Lion Safari, Turn Back

“I hate safaris.”


George - the largest lion with the largest mane in the safari zone - turned to Naomi, one of his nine lioness companions. She continued to lick the buffalo bone and did not answer. He echoed a roar that scared a flock of toucans in the distance.


“ We’ve been through this, George, we are here to stay. It took us this long to adjust, why go through the pain again?”


Naomi was the tallest and leanest of the lionesses, sporting golden fur, and claws so sharp that the bone she had chewed on had marks carved quarter way through.


“Where did you put the backpack?”


“In the tree hollow, dear. Next to the camera.”


George marched over to the tree, his head held high as though he were in front of a captive audience. Using his teeth, he dragged the backpack into the open. A photograph fell out.


“Wait, that’s…”


“Our son,” Naomi whispered as though she said something shameful.


“He must wonder where we are. Nine years.”


George remembered their five bedroom house, his career as Head Director of Global Travellers Deluxe. Even nine years later, he pictured himself putting on his tie with human hands. His son was there, in his memory, complaining about school, to which George just shrugged and flapped the newspaper he was reading across his face.

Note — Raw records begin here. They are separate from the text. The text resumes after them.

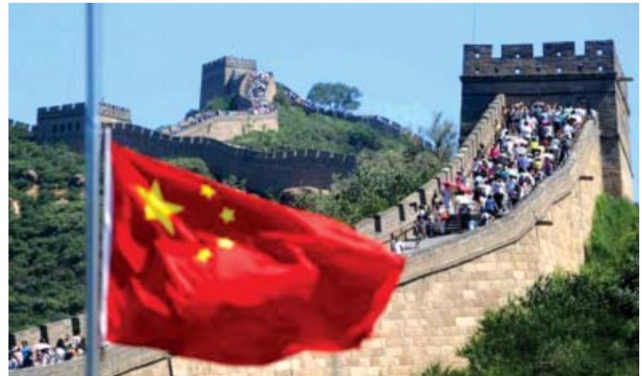
According to Chinese tradition, the seventh day after a death marks the height of the mourning period. Large-scale national displays of mourning are rare in China.

In central Beijing, thousands of people gathered at the Tian'anmen Square early Sunday to watch the national flag hoisted to full height and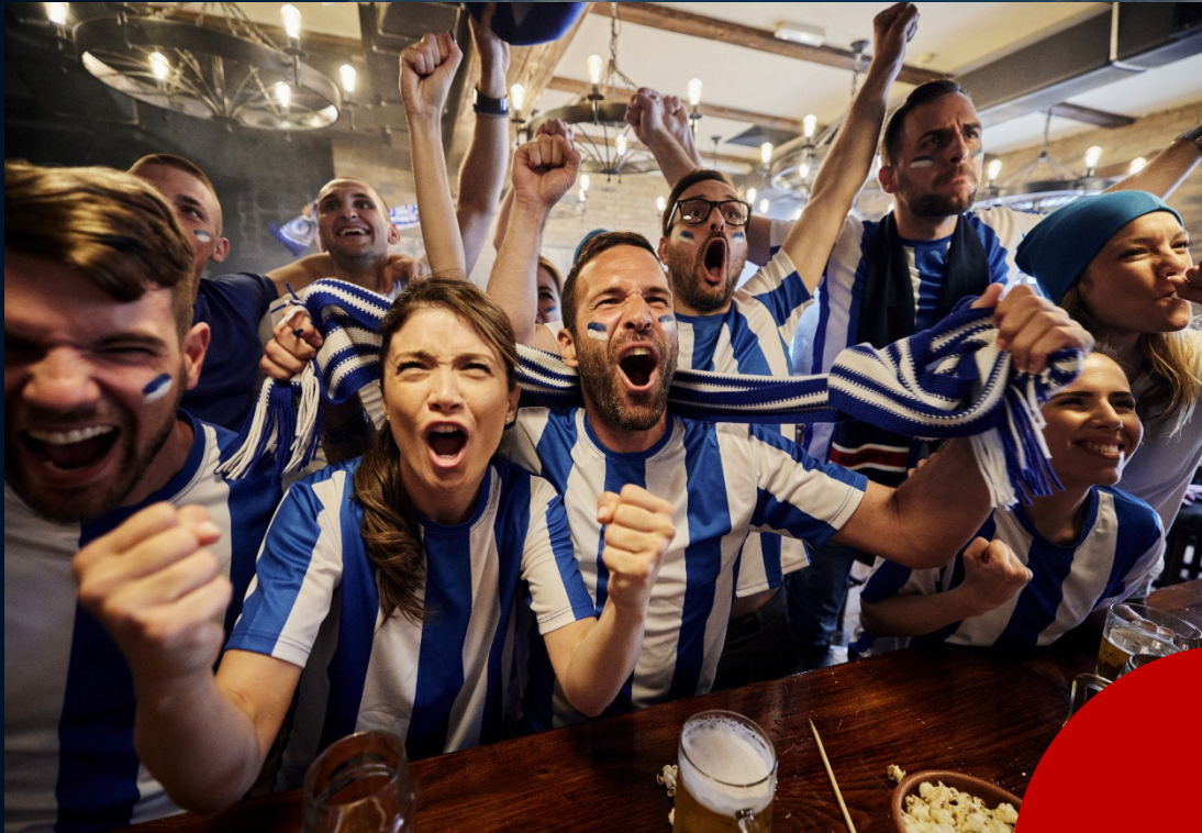
Football, mass events, wars, etc.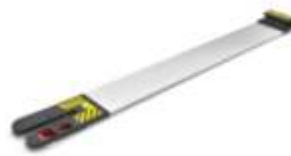
S Max 10G Fixation for Auto-Loading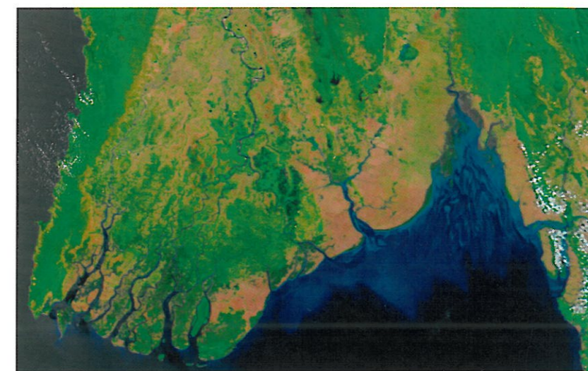
April 15th, 2008

After the Storm: Voices from the Delta was the title of a report published in March 2009 by the Emergency Assistance Team and the Centre for Public Health and Human Rights at Johns Hopkins Bloomberg School of Public Health, USA. The report stated that 'the junta's wilful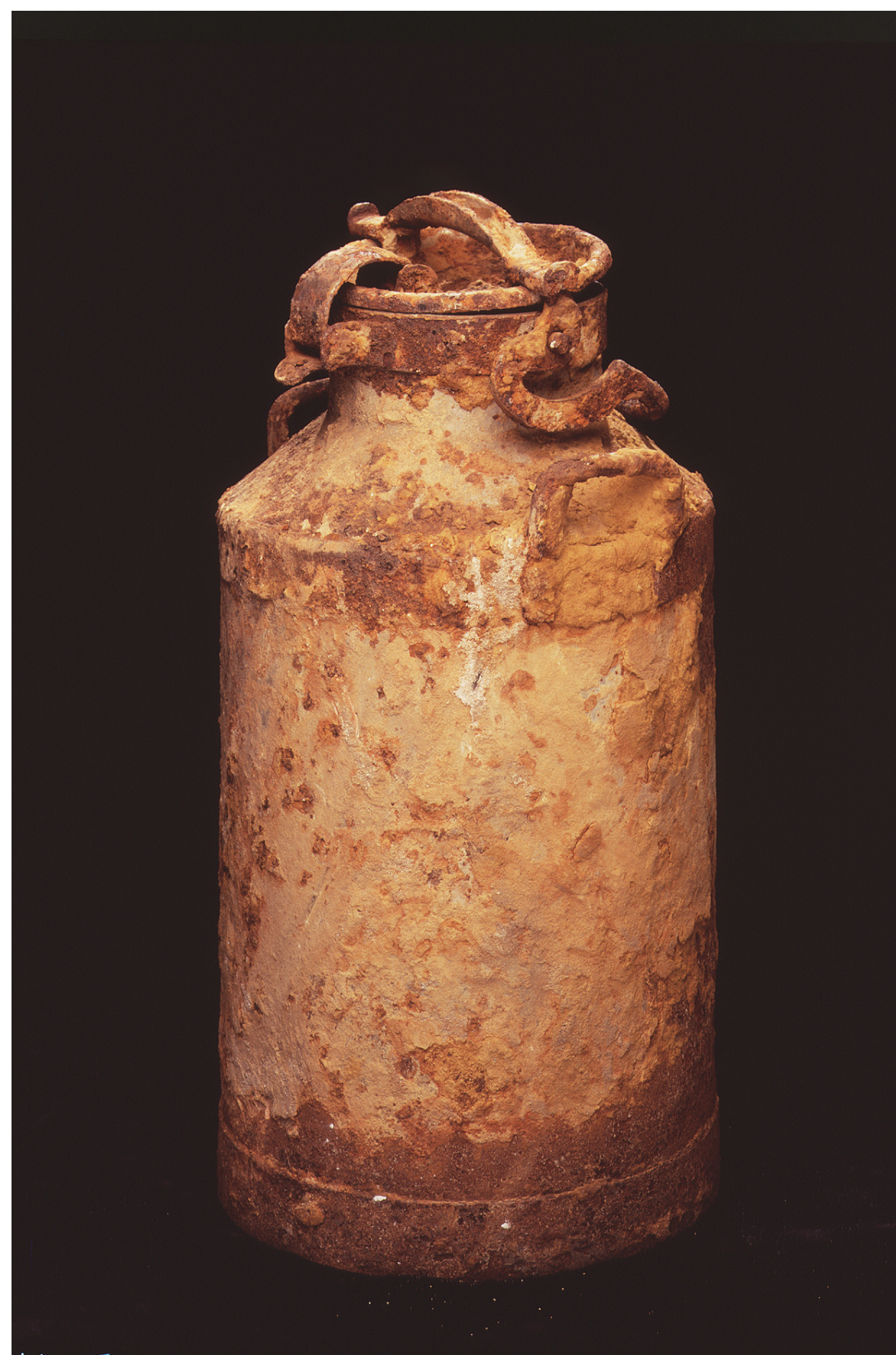
This milk can, which housed part of the Oneg Shabbat Archive, was recovered after the war.

“The Curse, if we can just find one idiot on safari-“


“Shh, here come the others. I think I found something, but I’ll need them out of here.”


George greeted his fellow lionesses by brushing each other’s noses, and after a long social chat, he ordered them to go hunting. As they left, he turned back to Naomi.


“We just need to eat one person each. One person to stray into this restricted zone.”


They waited several weeks until the opportunity finally arrived. The strayed human looked no older than a teenager, in full safari clothing and a fancy camera. Naomi and George were crouched in the grass, waiting for the chance to pounce.


“Did you get the gun I found in the backpack?” George whispered.


“Yes.”


But his hold was unsteady, his lion’s paws nothing like human hands. Saliva was raining down the sides of his mouth. Then he pulled the trigger. The bullet pelted through the air, the trajectory far too random to hit the teenage boy, and hit his much younger companion instead.


Both lions remained frozen in the grass, shock and disbelief at what they had just done. The teenager was crying in agony, hunched over his friend’s dead body. And the eight other lionesses were circling.


“That’s our son, I’m sure of it,”said Naomi, “ How could we…What’s he doing here…”


But George jumped into action, Naomi instinctively joining him, becoming the wall between the other lions and the boys. As the safari warden drove in to rescue them, the outraged lionesses ripped the traitorous couple, limb by limb.


It was years before Naomi and George’s son found the spell book in their bedroom, complete with instructions for the most horrible spells. On the page for a spell for immortality, it said “beware, if one incantation is missed, the spell will backfire.” At the bottom of the page, someone had written: “Received this from a witch on safari. Always hated safaris.”